_WORKING DATA_:
'''

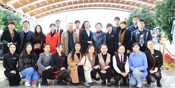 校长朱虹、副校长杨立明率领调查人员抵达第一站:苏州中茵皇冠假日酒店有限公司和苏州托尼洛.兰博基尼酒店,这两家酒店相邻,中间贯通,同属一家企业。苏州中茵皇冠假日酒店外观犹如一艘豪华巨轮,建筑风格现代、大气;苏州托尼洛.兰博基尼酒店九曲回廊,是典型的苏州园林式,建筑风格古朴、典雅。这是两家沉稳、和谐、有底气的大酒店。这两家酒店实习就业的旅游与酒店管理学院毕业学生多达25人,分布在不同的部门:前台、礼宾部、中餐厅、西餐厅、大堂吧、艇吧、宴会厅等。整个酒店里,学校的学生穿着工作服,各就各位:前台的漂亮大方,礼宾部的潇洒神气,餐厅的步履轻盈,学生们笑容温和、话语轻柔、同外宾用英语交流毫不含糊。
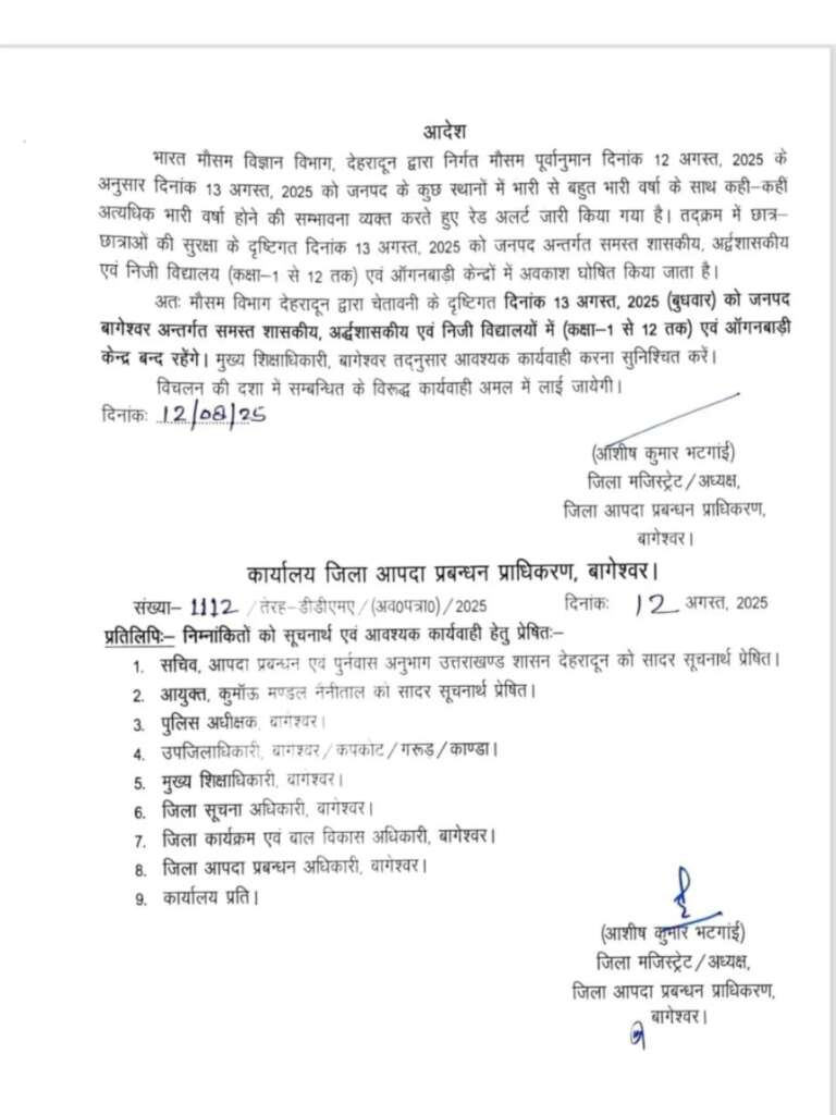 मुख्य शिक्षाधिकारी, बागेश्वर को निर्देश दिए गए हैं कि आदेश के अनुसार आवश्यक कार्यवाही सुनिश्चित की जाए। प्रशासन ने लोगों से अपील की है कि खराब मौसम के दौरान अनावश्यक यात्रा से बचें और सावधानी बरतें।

'''
'''

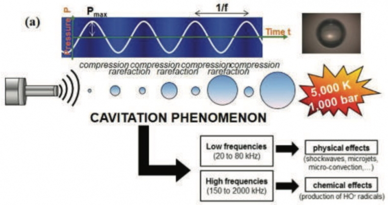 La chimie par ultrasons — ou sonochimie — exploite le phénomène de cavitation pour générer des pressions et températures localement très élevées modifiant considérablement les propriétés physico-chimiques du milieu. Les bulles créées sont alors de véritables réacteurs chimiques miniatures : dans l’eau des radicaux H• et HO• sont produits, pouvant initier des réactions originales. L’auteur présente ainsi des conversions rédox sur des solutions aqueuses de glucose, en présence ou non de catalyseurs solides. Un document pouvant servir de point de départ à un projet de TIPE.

'''

_TASK REQUIREMENTS_: Using the data above, print only the lines starting at the one with "校长朱虹、副校长杨立明率领调" and ending at the one with "मुख्य शिक्षाधिकारी, बागेश्वर", exactly as they stand, minus the pictures.

_RESPONSE BELOW_:
 校长朱虹、副校长杨立明率领调查人员抵达第一站:苏州中茵皇冠假日酒店有限公司和苏州托尼洛.兰博基尼酒店,这两家酒店相邻,中间贯通,同属一家企业。苏州中茵皇冠假日酒店外观犹如一艘豪华巨轮,建筑风格现代、大气;苏州托尼洛.兰博基尼酒店九曲回廊,是典型的苏州园林式,建筑风格古朴、典雅。这是两家沉稳、和谐、有底气的大酒店。这两家酒店实习就业的旅游与酒店管理学院毕业学生多达25人,分布在不同的部门:前台、礼宾部、中餐厅、西餐厅、大堂吧、艇吧、宴会厅等。整个酒店里,学校的学生穿着工作服,各就各位:前台的漂亮大方,礼宾部的潇洒神气,餐厅的步履轻盈,学生们笑容温和、话语轻柔、同外宾用英语交流毫不含糊。
 मुख्य शिक्षाधिकारी, बागेश्वर को निर्देश दिए गए हैं कि आदेश के अनुसार आवश्यक कार्यवाही सुनिश्चित की जाए। प्रशासन ने लोगों से अपील की है कि खराब मौसम के दौरान अनावश्यक यात्रा से बचें और सावधानी बरतें।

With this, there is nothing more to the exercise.